The two halves of the platform
(i) Computational toolkit
The toolkit ships fourteen open-source modules: LightSIDE-AthDGC for PROIEL syntactic features (dependency arcs, argument-structure frames, morphology bundles); LightSIDE-compatible text-feature extraction; a NoSketch-style concordancer; fine-tuned Stanza checkpoints for diachronic Greek (grc_byz_proiel, grc_lbem_proiel, grc_mod_proiel; Hugging Face mirror ships at v0.5); a per-verb argument-structure extractor; a cross-lingual alignment viewer (Neo4j); a corpus-fix toolkit; a showcase generator; a PROIEL XML 2.0 exporter; a v0.5 PROIEL XML 2.0 schema validator; a v0.5 valency-frame database client; a v0.5 retranslation-pair browser; a v0.5 retelling-chain explorer; and the Quarto template pack that generates this very site. All modules are usable on any PROIEL-style historical treebank, not only on the AthDGC corpus. See Tools.
(ii) Diachronic Greek treebank
The treebank covers Homeric, Classical, Koine, Late Antique, Byzantine, Late Byzantine, Early Modern, and Modern Greek, with verse-level cross-lingual alignment of the New Testament to Latin (Vulgate), Gothic (Wulfila), Old Church Slavonic (Marianus), and Classical Armenian (the last in ingestion at v0.5). Sanskrit, Old English, Avestan, Old Persian, and Ukrainian are queued at v0.7. See Samples for representative sentences per period with full PROIEL annotation.
Open-access source chain
Every primary source text is open-access (public domain, CC-BY, CC-BY-SA, or equivalent). Greek sources draw on Perseus Digital Library, Open Greek and Latin / First1K (Leipzig), SBL Greek NT, Tischendorf and Westcott-Hort, Rahlfs LXX via openscriptures.org, Papyri.info, Patrologia Graeca via Documenta Catholica Omnia, Bibliotheca Augustana, Anemi (UoC), and Wikisource el. IE parallels draw on Vulsearch + Latin Library, the Wulfila Project (University of Antwerp), TITUS (Frankfurt), Digilib Armenian, GRETIL (Goettingen), SARIT, TEAMS, the DOE corpus, and the National Library of Ukraine. The annotation layer is AthDGC-original under CC-BY-4.0. In-copyright editions are never republished verbatim; we use the open-access antecedent or short quotation samples under fair use.

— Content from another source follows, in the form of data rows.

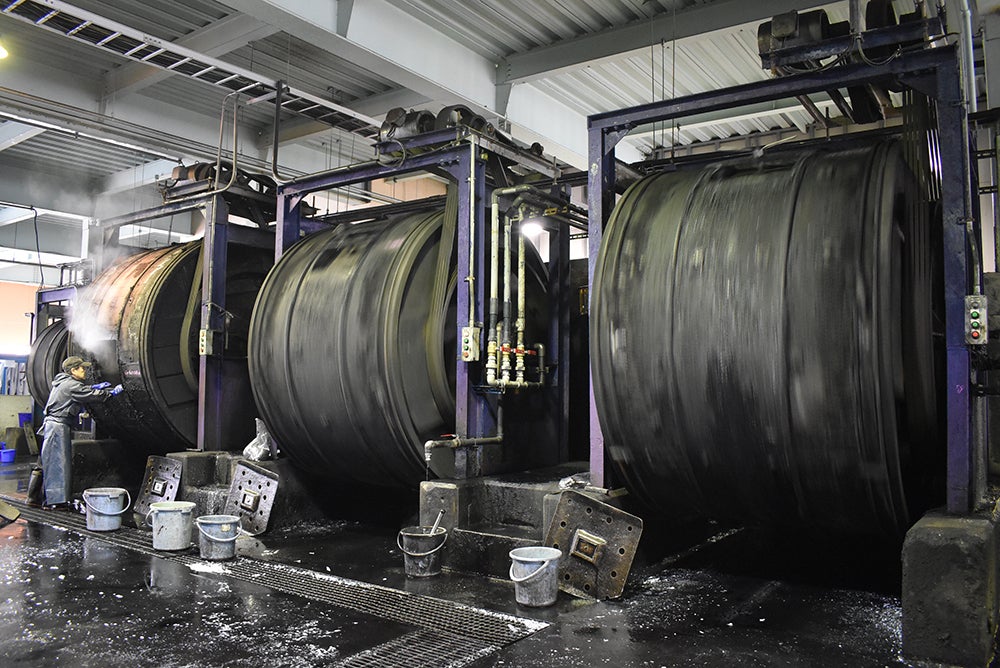 革を究極級に柔らかくする為に「鞣し(なめし)」に時間と手間をかけて、さらにドラムを使った加脂、空打ちといわれる工程は革を柔らかくするための重要な工程で納得のいくまで調整を繰り返すこと、またその後の特別な仕上げ工程で独特のモイスト感と柔らかさを生み出すことができました。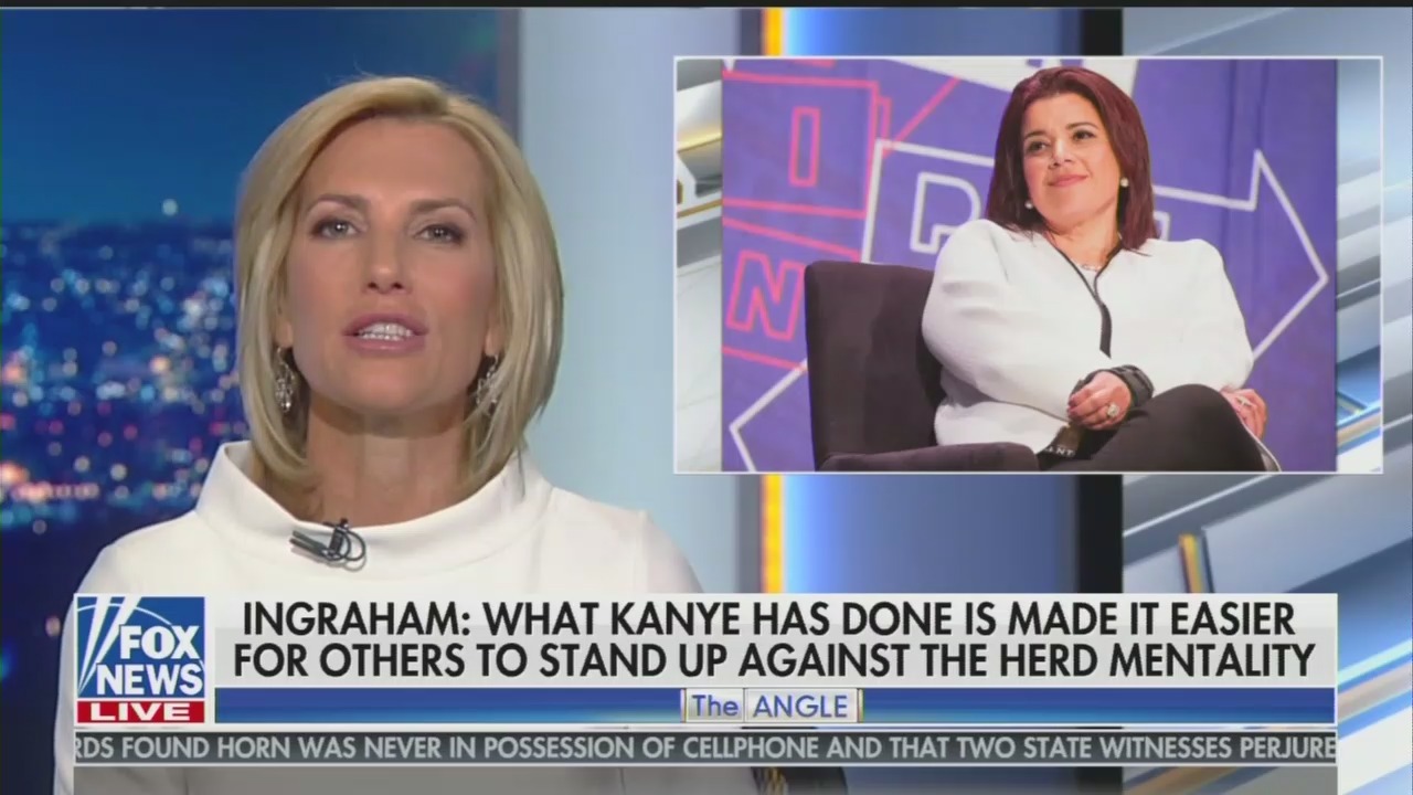 Ingraham titled her monologue Thursday evening, which she calls “The Angle,” “The New Counter-Culture,” arguing that West’s decision to make supportive statements of President Trump in the overwhelmingly anti-Trump pop culture may serve as “the catalyst for an honest discussion about the coerced conformity of thought that the celebrity culture has imposed on all of us.”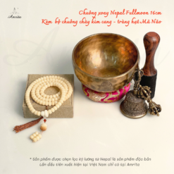 CXNP101 – Chuông xoay Nepal Fullmoon 16cm Kèm bộ chuông chày kim cang – tràng hạt Mã Não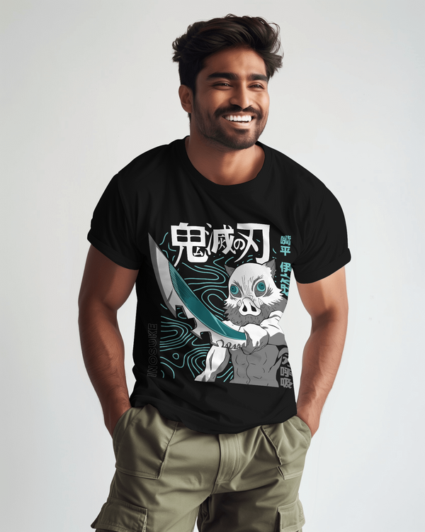 Showcase your fierce side with this black t-shirt featuring a bold design inspired by Demon Slayer: Kimetsu no Yaiba. The artwork highlights Inosuke Hashibira in his iconic boar mask, dual-wielding swords, and surrounded by vibrant teal and white accents with Japanese text for an authentic touch. Made from soft, breathable cotton, this tee ensures all-day comfort and vivid, long-lasting print quality—perfect for anime fans and stylish streetwear looks.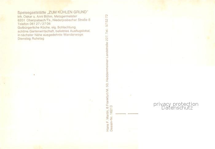 73615452 Oberjosbach Speisegaststaette Zum kuehlen Grund Terrasse Bar Gaststube postalisch nicht gelaufen Erhaltung siehe scans [WerneD78] KatCode: 11110006439011

The treebank is built by an autonomous daily harvest pipeline on the GRNET ARIS national HPC: discovery, filtering, OCR conversion to PROIEL XML 2.0, Stanza dependency parsing, and cross-lingual alignment to the four IE witnesses.
Status
The platform is published in continuous release. The tools are usable today; the corpus is at v0.4 and is undergoing an audit pass on the ARIS side before the wide v0.5 release. Public samples are drawn from the v0.4 partitions and rendered through the standard AthDGC PROIEL pipeline. Dependency parses and morphology are produced by Stanza grc_proiel and curated by the AthDGC team; individual sentences may still contain Stanza-introduced errors (lemmatisation of contracted forms, POS of pronouns, feature-bundle mismatches), which are corrected at the source in continuous data-cleanup passes (see fix_corpus_data.py in the source repository).
See the Method section of the data paper for the complete pipeline description.
Funding
Funded by the Hellenic Foundation for Research and Innovation (HFRI) under the 3rd Call for HFRI Research Projects to support Post-Doctoral Researchers, Project No. 20577; with complementary support from the Greece 2.0 National Recovery and Resilience Plan. Compute supplied by GRNET ARIS (Greek national HPC), allocation pa260305.
Funded project: CVL-CDSAML - A Corpus-based Valency Lexicon for a Contrastive and Diachronic Study of Ancient and Medieval Languages.